■ Supplied data
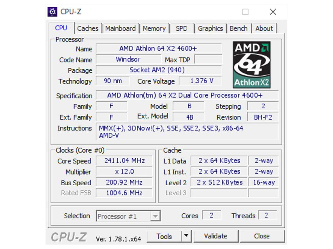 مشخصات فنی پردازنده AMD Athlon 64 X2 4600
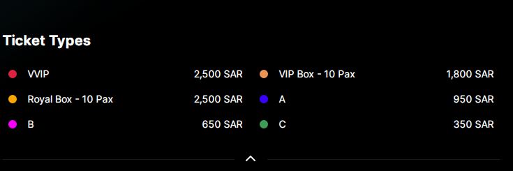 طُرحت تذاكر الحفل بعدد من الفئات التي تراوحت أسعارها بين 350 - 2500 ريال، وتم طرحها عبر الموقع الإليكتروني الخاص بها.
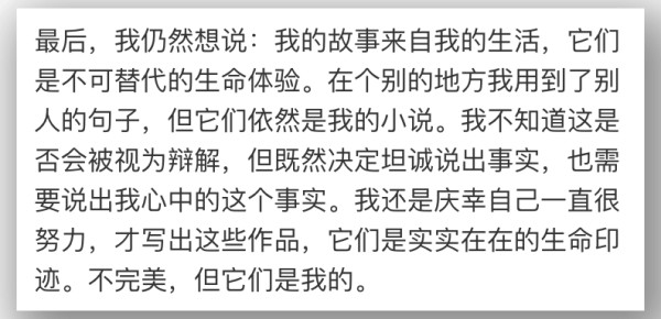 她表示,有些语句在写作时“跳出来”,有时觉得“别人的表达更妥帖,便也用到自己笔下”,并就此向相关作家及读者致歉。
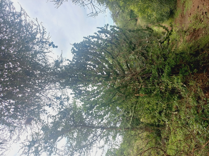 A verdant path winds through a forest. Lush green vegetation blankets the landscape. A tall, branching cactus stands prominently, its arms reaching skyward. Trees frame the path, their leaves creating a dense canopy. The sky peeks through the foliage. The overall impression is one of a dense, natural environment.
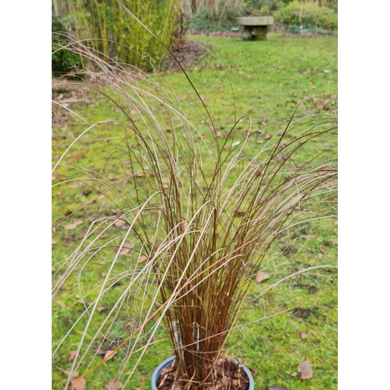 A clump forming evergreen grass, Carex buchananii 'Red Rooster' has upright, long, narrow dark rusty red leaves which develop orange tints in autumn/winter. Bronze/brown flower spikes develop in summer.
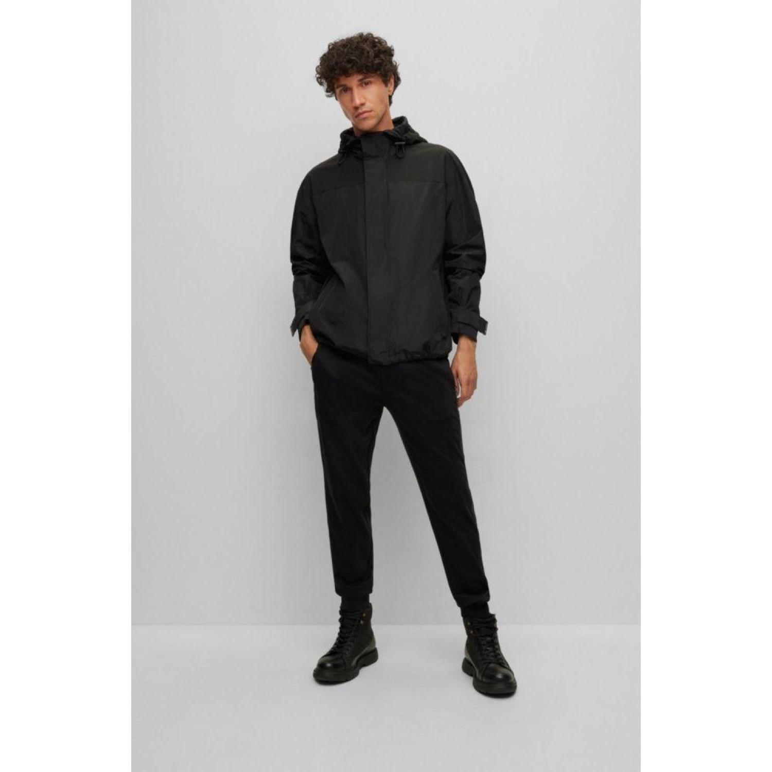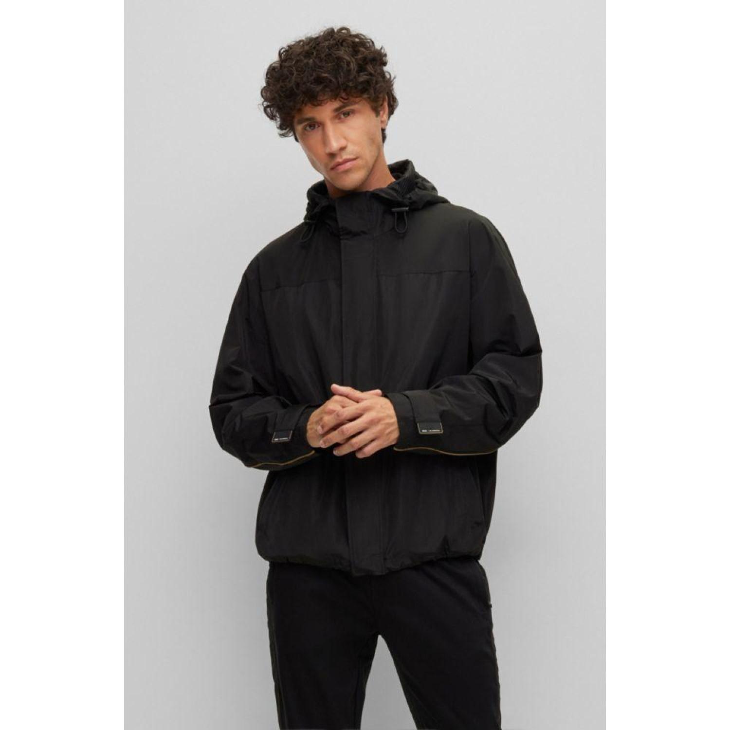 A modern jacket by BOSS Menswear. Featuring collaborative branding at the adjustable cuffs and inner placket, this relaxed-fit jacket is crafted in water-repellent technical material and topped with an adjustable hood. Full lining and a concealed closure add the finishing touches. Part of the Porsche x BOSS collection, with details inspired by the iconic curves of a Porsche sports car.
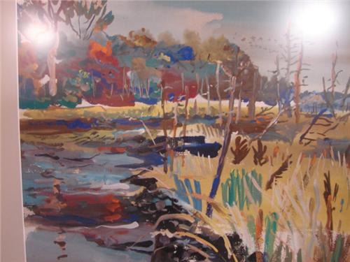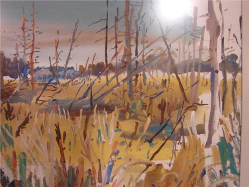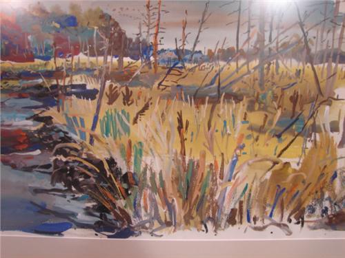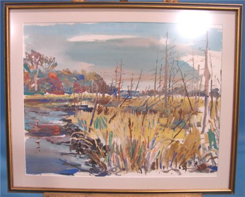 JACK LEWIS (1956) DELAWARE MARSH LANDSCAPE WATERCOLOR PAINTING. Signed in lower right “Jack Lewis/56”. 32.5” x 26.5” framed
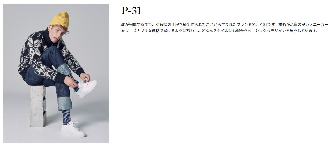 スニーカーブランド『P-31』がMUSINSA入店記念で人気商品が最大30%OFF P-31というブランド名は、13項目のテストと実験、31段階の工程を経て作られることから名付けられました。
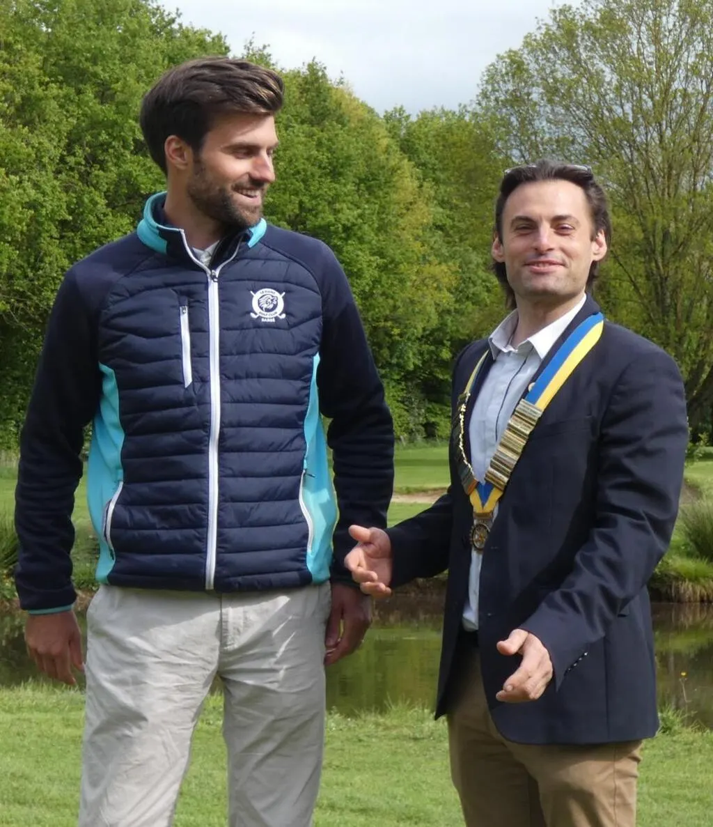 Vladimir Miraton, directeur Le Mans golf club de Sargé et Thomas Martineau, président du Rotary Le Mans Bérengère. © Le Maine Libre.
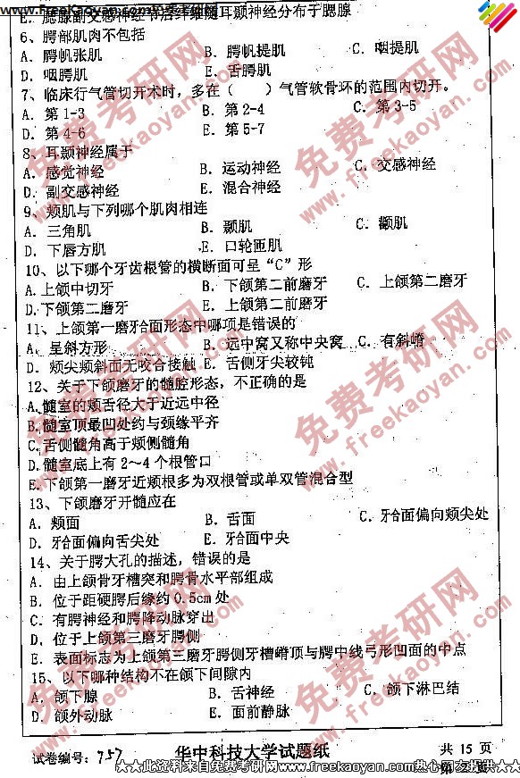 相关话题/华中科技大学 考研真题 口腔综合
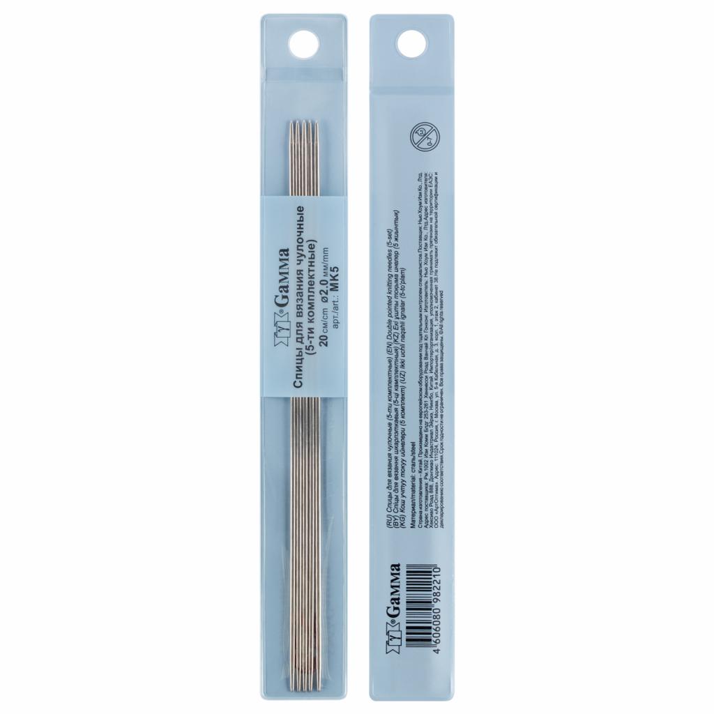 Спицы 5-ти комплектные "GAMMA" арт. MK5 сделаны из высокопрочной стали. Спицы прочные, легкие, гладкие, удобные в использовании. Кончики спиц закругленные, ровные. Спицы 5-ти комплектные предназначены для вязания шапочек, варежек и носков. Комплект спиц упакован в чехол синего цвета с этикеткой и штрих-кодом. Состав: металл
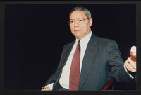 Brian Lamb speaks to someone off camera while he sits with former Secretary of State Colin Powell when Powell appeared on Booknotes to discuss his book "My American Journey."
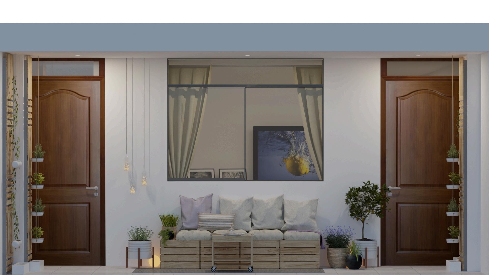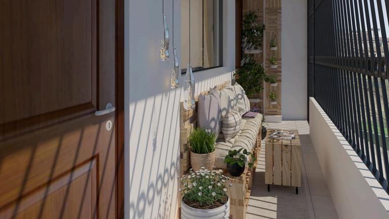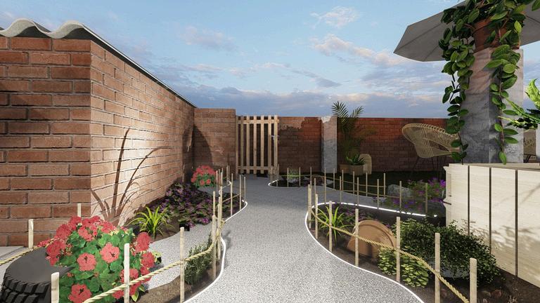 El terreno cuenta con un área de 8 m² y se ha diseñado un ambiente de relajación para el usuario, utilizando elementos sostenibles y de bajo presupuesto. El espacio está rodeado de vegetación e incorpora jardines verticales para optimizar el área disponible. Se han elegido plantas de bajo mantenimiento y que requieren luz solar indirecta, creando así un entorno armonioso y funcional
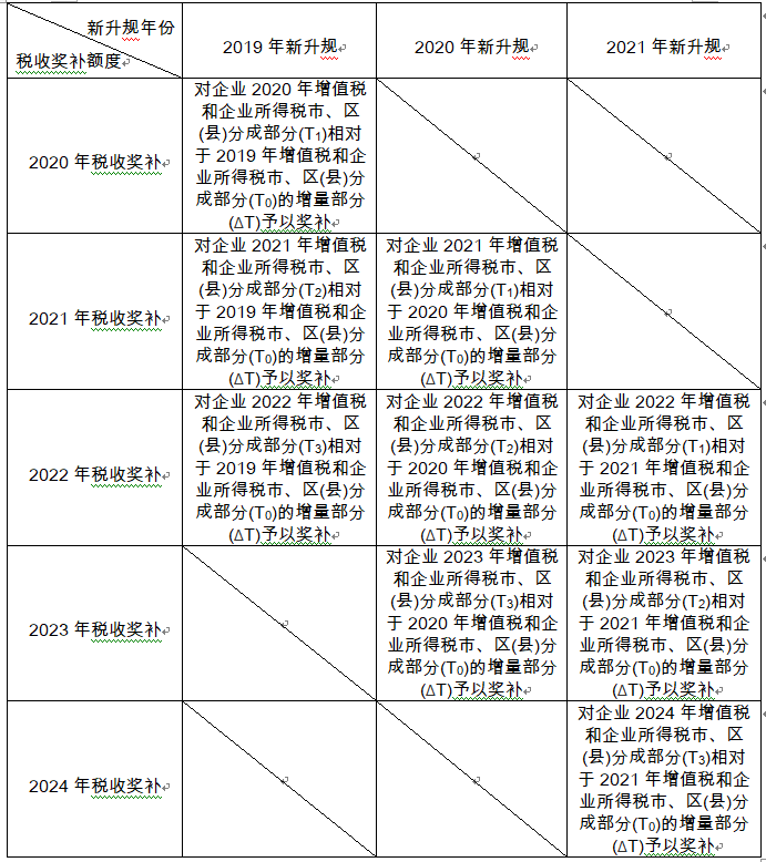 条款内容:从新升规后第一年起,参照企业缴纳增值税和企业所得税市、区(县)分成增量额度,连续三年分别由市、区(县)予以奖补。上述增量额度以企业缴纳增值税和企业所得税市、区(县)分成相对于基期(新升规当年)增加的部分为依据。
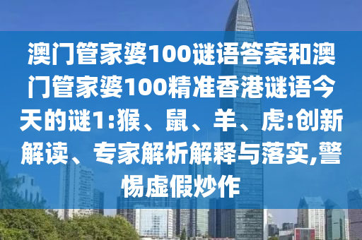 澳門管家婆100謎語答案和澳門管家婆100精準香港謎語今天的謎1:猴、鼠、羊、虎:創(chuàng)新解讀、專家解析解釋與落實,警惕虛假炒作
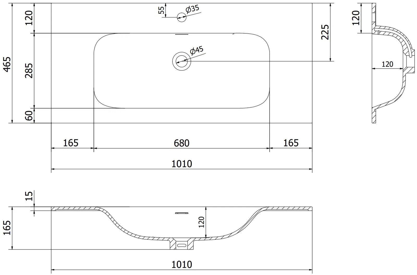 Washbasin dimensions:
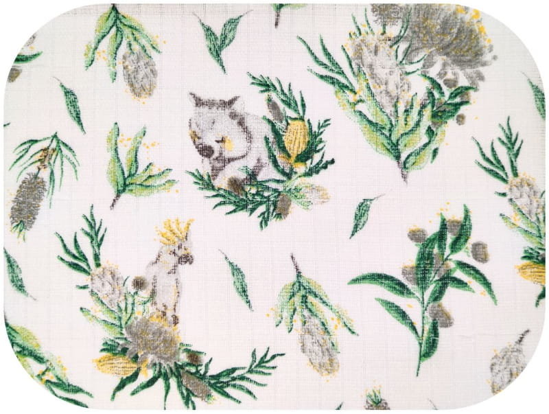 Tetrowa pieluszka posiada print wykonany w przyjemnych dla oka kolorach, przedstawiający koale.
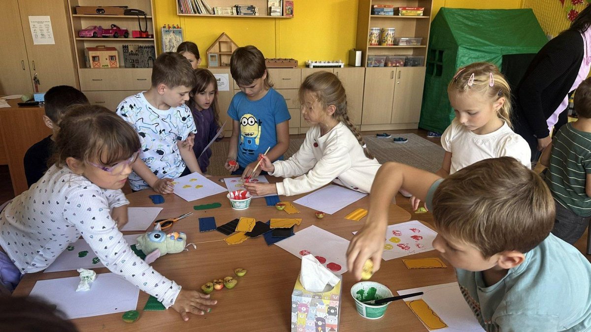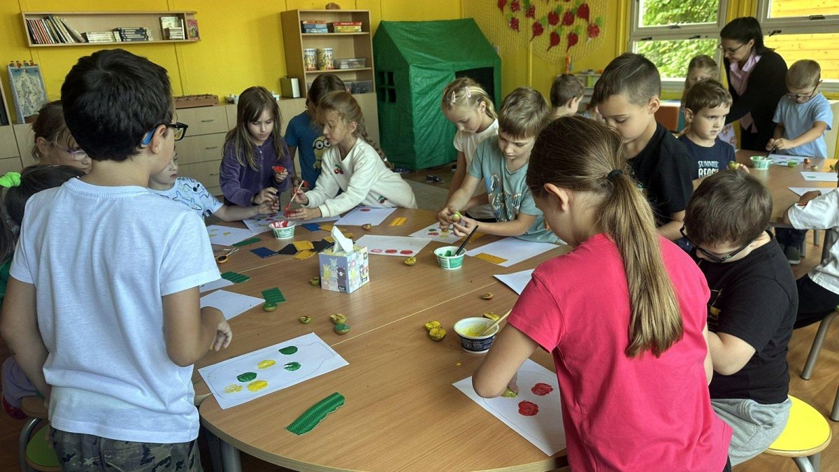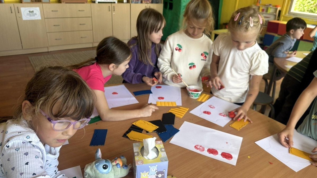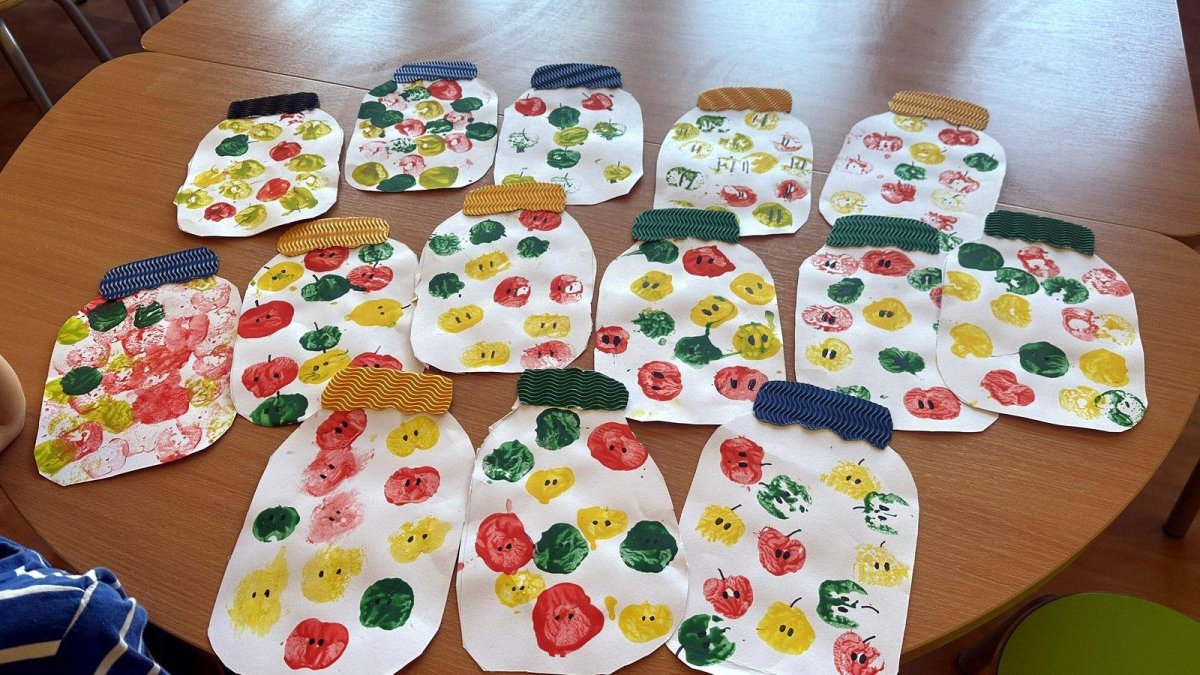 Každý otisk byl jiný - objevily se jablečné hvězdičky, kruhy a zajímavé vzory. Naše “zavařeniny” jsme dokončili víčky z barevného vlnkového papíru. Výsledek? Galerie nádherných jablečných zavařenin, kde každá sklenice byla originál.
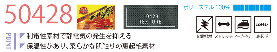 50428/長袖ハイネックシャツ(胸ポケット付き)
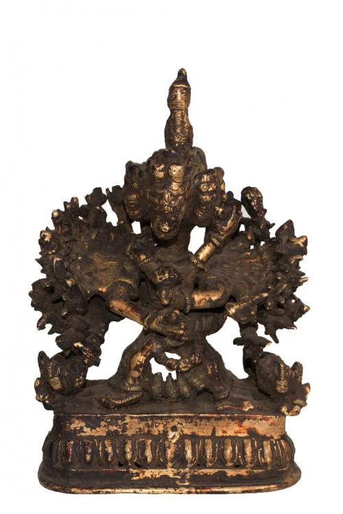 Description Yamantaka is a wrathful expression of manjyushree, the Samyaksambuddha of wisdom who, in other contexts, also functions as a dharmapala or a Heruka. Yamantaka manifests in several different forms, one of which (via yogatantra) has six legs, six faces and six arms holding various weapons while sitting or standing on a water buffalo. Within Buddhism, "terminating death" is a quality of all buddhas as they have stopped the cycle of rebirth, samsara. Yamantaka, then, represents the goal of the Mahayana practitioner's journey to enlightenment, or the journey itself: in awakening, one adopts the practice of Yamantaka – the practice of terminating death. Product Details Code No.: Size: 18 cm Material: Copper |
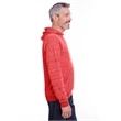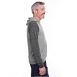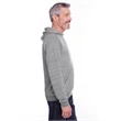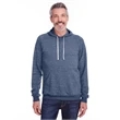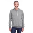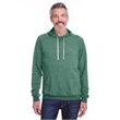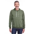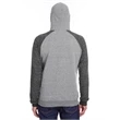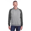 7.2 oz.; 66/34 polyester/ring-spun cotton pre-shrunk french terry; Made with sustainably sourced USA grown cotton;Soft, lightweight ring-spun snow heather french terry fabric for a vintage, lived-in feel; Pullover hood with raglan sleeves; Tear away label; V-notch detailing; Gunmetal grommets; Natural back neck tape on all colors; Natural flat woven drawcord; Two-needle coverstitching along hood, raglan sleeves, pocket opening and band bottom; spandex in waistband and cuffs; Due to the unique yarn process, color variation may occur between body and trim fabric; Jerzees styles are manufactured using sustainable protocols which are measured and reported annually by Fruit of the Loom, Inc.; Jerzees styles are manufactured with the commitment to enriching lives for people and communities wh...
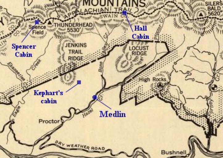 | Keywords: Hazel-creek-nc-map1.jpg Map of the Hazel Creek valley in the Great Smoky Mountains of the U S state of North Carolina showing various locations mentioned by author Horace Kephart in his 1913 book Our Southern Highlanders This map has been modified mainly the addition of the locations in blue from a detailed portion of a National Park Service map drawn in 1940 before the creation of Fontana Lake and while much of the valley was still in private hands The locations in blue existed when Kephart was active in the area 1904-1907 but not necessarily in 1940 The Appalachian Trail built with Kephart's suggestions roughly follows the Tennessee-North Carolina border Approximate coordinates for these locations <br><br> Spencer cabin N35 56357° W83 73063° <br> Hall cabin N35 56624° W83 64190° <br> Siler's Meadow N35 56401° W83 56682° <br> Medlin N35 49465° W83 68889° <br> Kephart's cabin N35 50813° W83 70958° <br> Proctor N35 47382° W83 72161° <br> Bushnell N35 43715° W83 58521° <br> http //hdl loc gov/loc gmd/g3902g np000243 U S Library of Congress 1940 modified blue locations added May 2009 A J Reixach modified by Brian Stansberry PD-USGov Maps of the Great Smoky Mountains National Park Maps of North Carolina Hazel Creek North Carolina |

■ Task prompt
Find the line with "条款内容:从新升规后第一年起" in the data above, and from there retype each line exactly through the line with "Tetrowa pieluszka posiada", skipping the pictures along the way.

■ Your solution
 条款内容:从新升规后第一年起,参照企业缴纳增值税和企业所得税市、区(县)分成增量额度,连续三年分别由市、区(县)予以奖补。上述增量额度以企业缴纳增值税和企业所得税市、区(县)分成相对于基期(新升规当年)增加的部分为依据。
 澳門管家婆100謎語答案和澳門管家婆100精準香港謎語今天的謎1:猴、鼠、羊、虎:創(chuàng)新解讀、專家解析解釋與落實,警惕虛假炒作
 Washbasin dimensions:
 Tetrowa pieluszka posiada print wykonany w przyjemnych dla oka kolorach, przedstawiający koale.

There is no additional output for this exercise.